司法書士になる前は、特別養護老人ホームで介護の仕事をしていました。私は、実際にお年寄りが法律の問題でお悩みになっている姿を身近で見て、誰もが気軽に相談できる、心に寄り添う法律の専門家が必要だと感じるようになりました。こうした思いから司法書士になり、当事務所を立ち上げるに至ります。ご相談は、お気軽にどうぞ。

相続放棄の申述は、家庭裁判所にて行います。裁判所に相続放棄の申述が受理されて「正式に相続放棄をした」と認められることになるのです。

しかし、普段の生活をしている中で、裁判所に訪れる機会なんてほとんどありません。はじめて相続放棄をする方は、なんだか敷居が高いと感じてしまうのではないのでしょうか。

そこで、ここでは、はじめて相続放棄をする方でも安心して手続きが進められるように、相続放棄の手続きの流れを7つの手順に分けて解説していきます。
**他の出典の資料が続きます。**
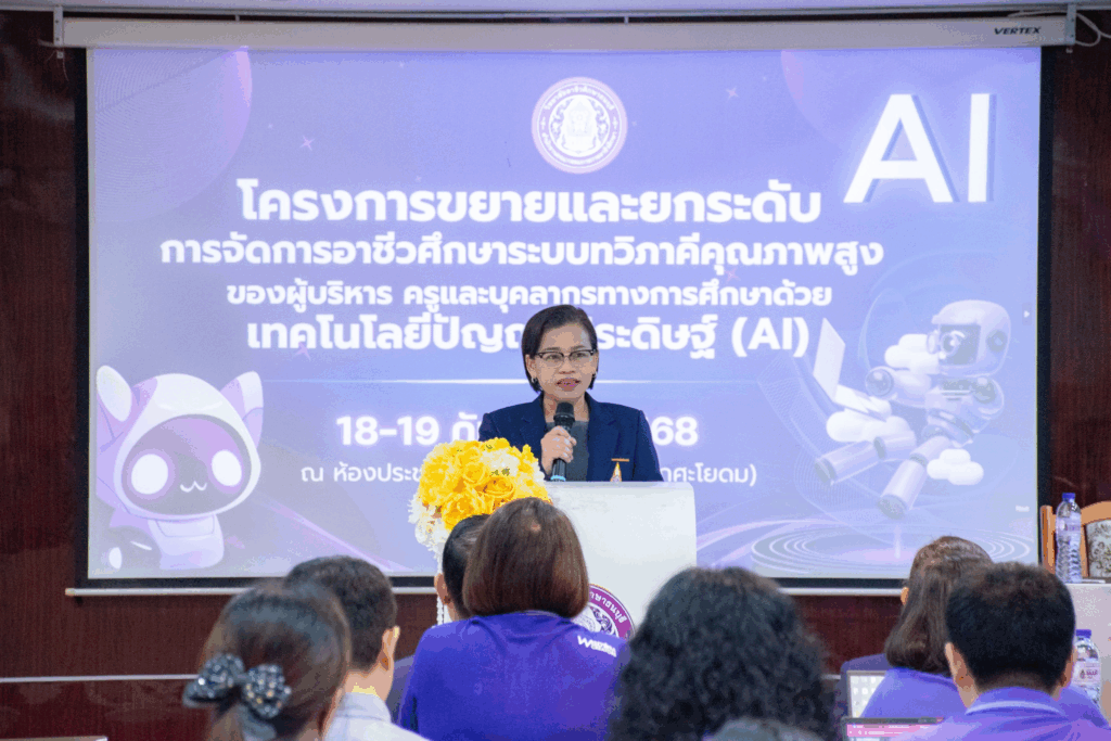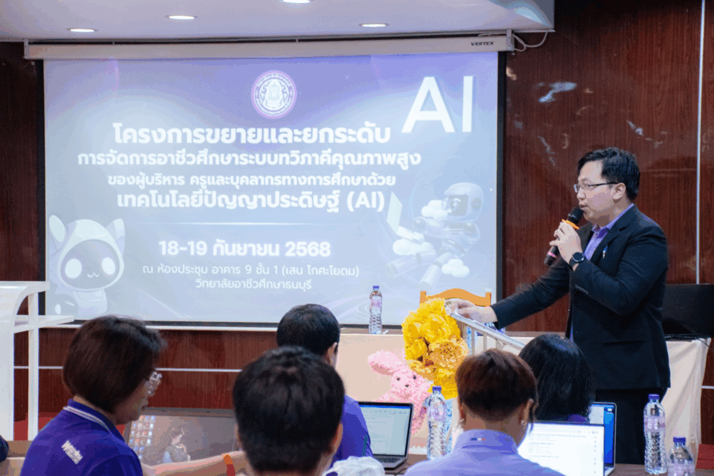 ในระหว่างวันที่ 18–19 กันยายน 2568 วิทยาลัยอาชีวศึกษาธนบุรี ได้จัดโครงการขยายและยกระดับการจัดการอาชีวศึกษาระบบทวิภาคี คุณภาพสูงของผู้บริหาร ครู และบุคลากรทางการศึกษา ด้วยเทคโนโลยีปัญญาประดิษฐ์ (AI) ณ ห้องประชุมพระยา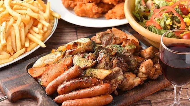 食べ放題のBBQプレートを含む10品の料理がついた「人気ビアガーデン10品コース」は税込2,980円(食べログ)。ビーフ、ポーク、チキン3種のお肉にソーセージや野菜も食べ放題です。

相続放棄申述書の記載例を含め詳細に解説していますので、ぜひ参考にしてください。

相続放棄をするための7つの手順

1.まずは相続放棄をすべきかよく検討しましょう

あなたは、「相続放棄で放棄される財産」を把握されていますか?もし分からない場合は、こちら↓をご確認ください。

相続放棄をする前に知っておきたい4つの注意点

2018.04.08

もう一つ、「遺産の放棄と相続放棄の違い」はご存じでしょうか。分からない方は、こちら↓をご確認ください。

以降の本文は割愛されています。